Laberge S, Wu L, Olivenstein R, Xu L J, Renzi P M, Martin J G
Meakins-Christie Laboratories, Royal Victoria Hospital, Montreal, Quebec, Canada.
J Allergy Clin Immunol. 1996 Sep;98(3):617-27. doi: 10.1016/s0091-6749(96)70096-9.
CD8+ (OX-8+) T cells may suppress airway inflammation and airway responsiveness after allergen challenge.
We studied the effects of depletion of OX-8+ T cells on allergen-induced lung eosinophilia and airway responsiveness in the Sprague-Dawley rat.
Sprague-Dawley rats were sensitized to ovalbumin and challenged by aerosol 14 days later. Test animals received either low-dose (2 mg, n = 9) or high-dose (3 mg, n = 7) OX-8 monoclonal antibody (mAb), whereas controls (n = 8) received BALB/c ascites fluid. A fourth group of animals (n = 10) was not sensitized to ovalbumin and also received ascites fluid. Twenty-four hours after ovalbumin challenge, responsiveness to methacholine was measured, and lung inflammation was assessed in the large airways and small airways and parenchyma.
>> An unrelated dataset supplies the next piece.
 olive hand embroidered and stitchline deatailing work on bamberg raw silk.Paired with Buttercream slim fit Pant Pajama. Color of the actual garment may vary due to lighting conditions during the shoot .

Circulating and airway CD8+ T cells were decreased by OX-8 mAb administration with greatest changes in animals treated with high-dose OX-8 mAb compared with controls (blood: 1.0% +/- 3.6% vs 18.7% +/- 3.9%, p < 0.05); (large airways: 2.5% +/- 1.2% vs 13.8% +/- 1.2%, p < 0.05). Ovalbumin challenge resulted in increases in macrophages and neutrophils in the small airways and parenchyma of sensitized compared with unsensitized rats (p < 0.05). High-dose OX-8 mAb further increased total leukocytes, attributable to increases in neutrophils and eosinophils, retrieved from the large airways and small airways and parenchyma compared with other groups (p < 0.05). Airway responsiveness to methacholine was not significantly different between control and ovalbumin-challenged animals and was not augmented by OX-8 pretreatment.
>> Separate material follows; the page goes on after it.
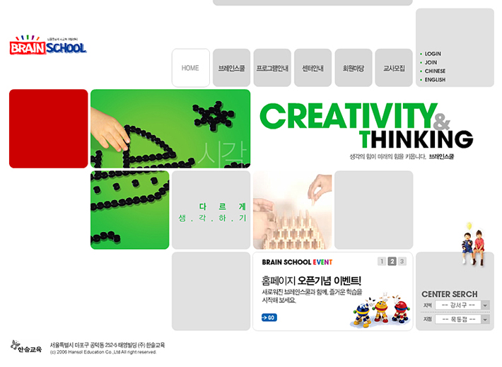 Client : Hansol Type : Web site Period : 2005.11 ~ 2006.01 URL : www.brainschool.co.kr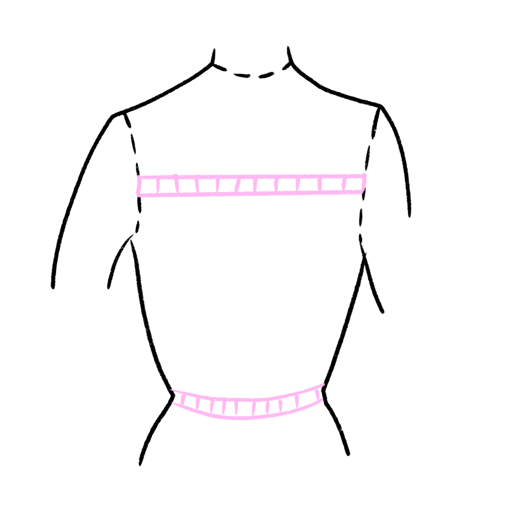 Fairly loosely round fullest part of the bust and across shoulderblades.

CD8+ T cells modulate the extent of allergen-induced airway inflammation. However, the enhancement of inflammation was not sufficient to affect airway responsiveness.
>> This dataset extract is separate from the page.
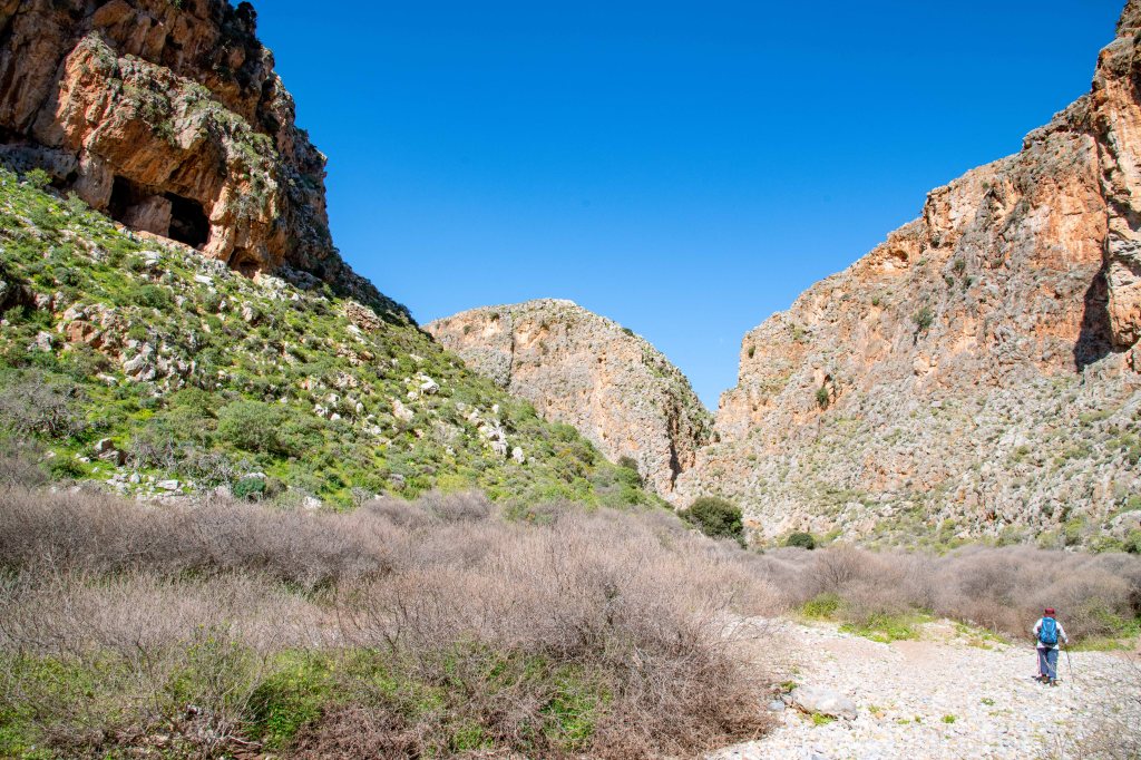Ende März. Wir erkunden Ostkreta, u.a. gelangen wir auf abenteuerlichen Wegen (weil das Garmin-Auto-Navi uns im Stich gelassen hat) in die Bucht von Kato Zakros. Dort stand einer der vier bisher gefundenen Palaststädte der alten Minoer. Schon im 3. Jahrtausend v. Chr. haben sie ihre Toten in hoch in den Felsen gelegenen Höhlen bestattet, dieses „Tal der Toten“ ist für uns eine herrliche Schluchten-„Kletterung“ (Kletterung meint nach Bettina die Mischung aus Wanderung und Kletterei). Wie auch für andere Schluchten auf Kreta wird in Führern für das Frühjahr auch hier darauf hingewiesen, dass Flussdurchquerungen nötig werden. Brav nehmen wir auch jedes Mal wasserfeste Sandalen mit in den Rucksack. Bisher haben wir sie nie gebraucht…. das Flussbett ist zumeist ausgetrocknet oder nur noch so minimal mit Wasser gefüllt, so dass wir regelmäßig über Steine hüpfend, alles mühelos überwinden können … die Wanderstöcke von Bettina sind dabei eine große Hilfe … Klimawandelfolgen auf Kreta?

CD8 +(OX - 8 +)T细胞可能在变应原激发后抑制气道炎症和气道反应性。
我们研究了去除OX - 8 + T细胞对Sprague-Dawley大鼠变应原诱导的肺嗜酸性粒细胞增多和气道反应性的影响。
将Sprague-Dawley大鼠用卵清蛋白致敏,14天后进行雾化激发。试验动物接受低剂量(2mg,n = 9)或高剂量(3mg,n = 7)的OX - 8单克隆抗体(mAb),而对照组(n = 8)接受BALB/c腹水。第四组动物(n = 10)未用卵清蛋白致敏,也接受腹水。卵清蛋白激发24小时后,测量对乙酰甲胆碱的反应性,并评估大气道、小气道和实质中的肺部炎症。
与对照组相比,给予OX - 8 mAb后循环和气道CD8 + T细胞减少,高剂量OX - 8 mAb处理的动物变化最大(血液:1.0%±3.6%对18.7%±3.9%,p < 0.05);(大气道:2.5%±1.2%对13.8%±1.2%,p < 0.05)。与未致敏大鼠相比,卵清蛋白激发导致致敏大鼠小气道和实质中的巨噬细胞和中性粒细胞增加(p < 0.05)。与其他组相比,高剂量OX - 8 mAb进一步增加了从大气道、小气道和实质中回收的总白细胞,这归因于中性粒细胞和嗜酸性粒细胞的增加(p < 0.05)。对照组和卵清蛋白激发的动物之间对乙酰甲胆碱的气道反应性无显著差异,并且OX - 8预处理未增强该反应性。
CD8 + T细胞调节变应原诱导的气道炎症程度。然而,炎症的增强不足以影响气道反应性。